Hard Drive error recovery control

Although I use Western Digital Red hard drives in my NAS I use various desktop grade drives in my Proxmox Hypervisor.

For my use case desktop hard drives perform perfectly adequately. However, they are generally missing several features found in enterprise class drives.

One of these features is Error Recovery Control (ERC), also known as Time-Limited Error Recovery (TLER) or Command Completion Time Limit (CCTL). I will continue to refer to it as TLER in this post as that is the term I am most familiar with.

This feature sets a time limit for how long a hard drive can attempt to recover from read or write errors.

When using a hardware RAID controller TLER support is essential as most RAID controllers will mark a drive as failed if it does not respond within a set time, often 8 seconds.

There is a lot of debate as to whether TLER is as important with software RAID solutions such as ZFS.

Many software RAID solutions will not mark a drive as failed and will wait while the drive retries it’s read or write.

During this time the virtual machine or application running on the array will be experiencing very bad performance and may even hang or crash. I have personally seen guest operating systems kernel panic due to this issue.

Check for TLER support

While TLER support is commonly disabled by default on the majority of desktop class drives it is also often configurable.

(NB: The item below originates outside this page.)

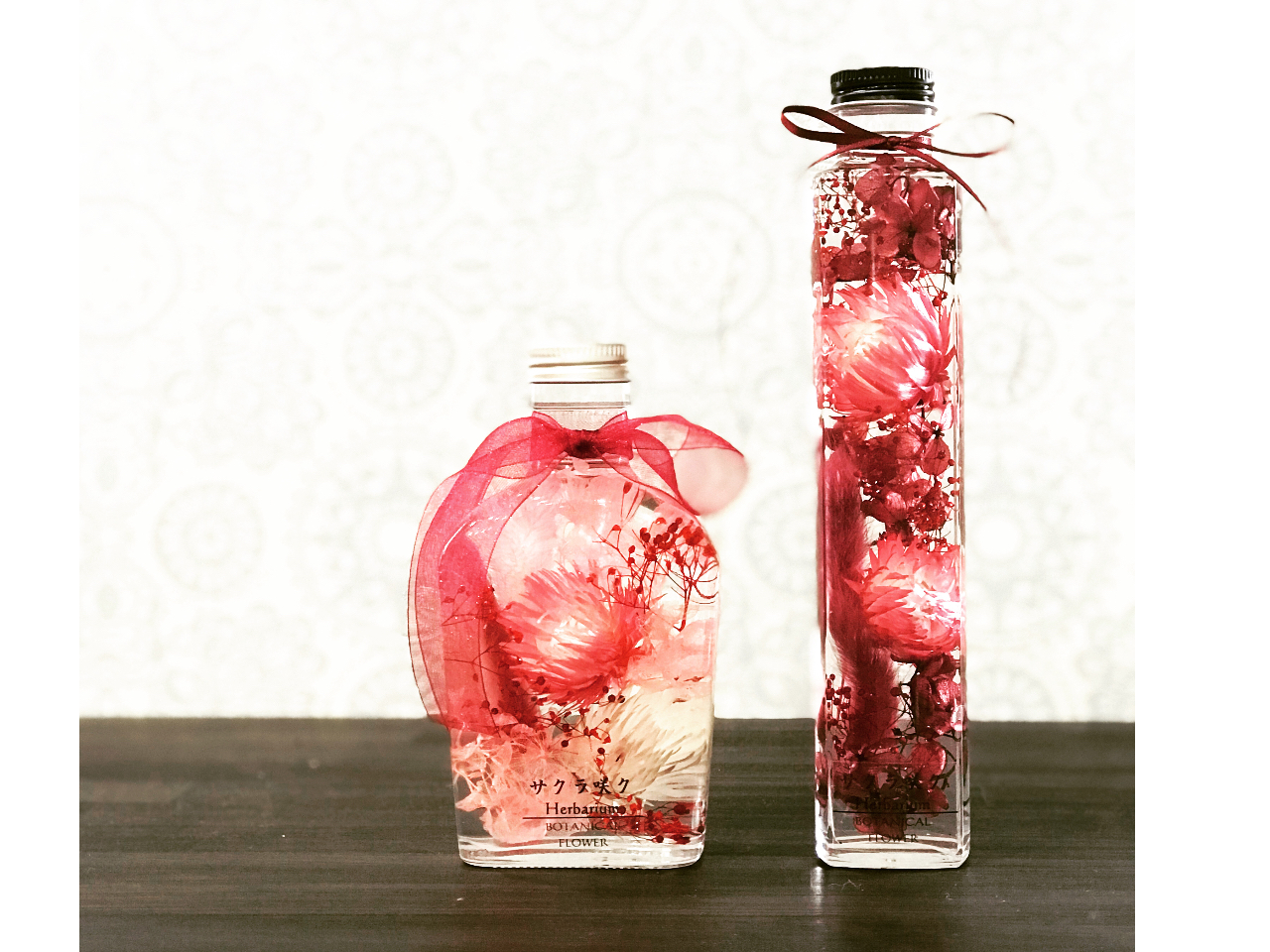 瓶の中にドライフラワー等を詰め、専用のオイルを入れて作るハーバリウムは生花よりも長く楽しむことができます。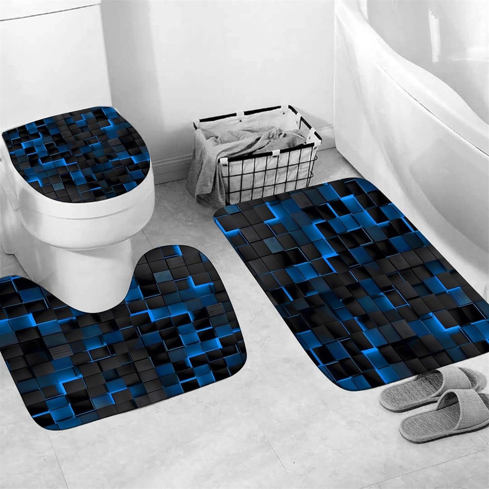Shower Curtain Set Blue 3D Cubes - Bathroom Sets

Currently I have the following drives in my Proxmox Hypervisor:

1 X HP - VB0250EAVER
2 X Toshiba - DT01ACA100
1 X Toshiba - HDWD110 (P300)

I was able to use smartctl to check the TLER status as follows:

~# smartctl -l scterc /dev/sda

SCT Error Recovery Control:
           Read: Disabled
          Write: Disabled

This showed that TLER was disabled for the hard drive in question. I ran the same command for all the drives in my Hypervisor and found that all had TLER support disabled.

To find a good time to set for TLER I ran the same command on my FreeNAS system to see what my Western Digital Reds were set to:

~# smartctl -l scterc /dev/ada0

SCT Error Recovery Control:
           Read:     70 (7.0 seconds)
          Write:     70 (7.0 seconds)

This showed that the timeout was set to 7 seconds.

Enabling TLER support

I then set the same timeout on each of the drives in my Hypervisor and verified that it had been set as follows:

~# smartctl -l scterc,70,70 /dev/sda

SCT Error Recovery Control set to:
           Read:     70 (7.0 seconds)
          Write:     70 (7.0 seconds)

~# smartctl -l scterc /dev/sda

SCT Error Recovery Control:
           Read:     70 (7.0 seconds)
          Write:     70 (7.0 seconds)

I have not yet been able to test whether the TLER setting will persist on these drives after a reboot and will update this post if and when I find out.

I highly recommend reading the Wikipedia article on TLER as well as the open-ZFS wiki for further information.

Many thanks to Benjamin Bryan and Andy Smith for their blog posts on the subject which were of great help. Also thanks to jgreco on the FreeNAS forums whose post was very informative.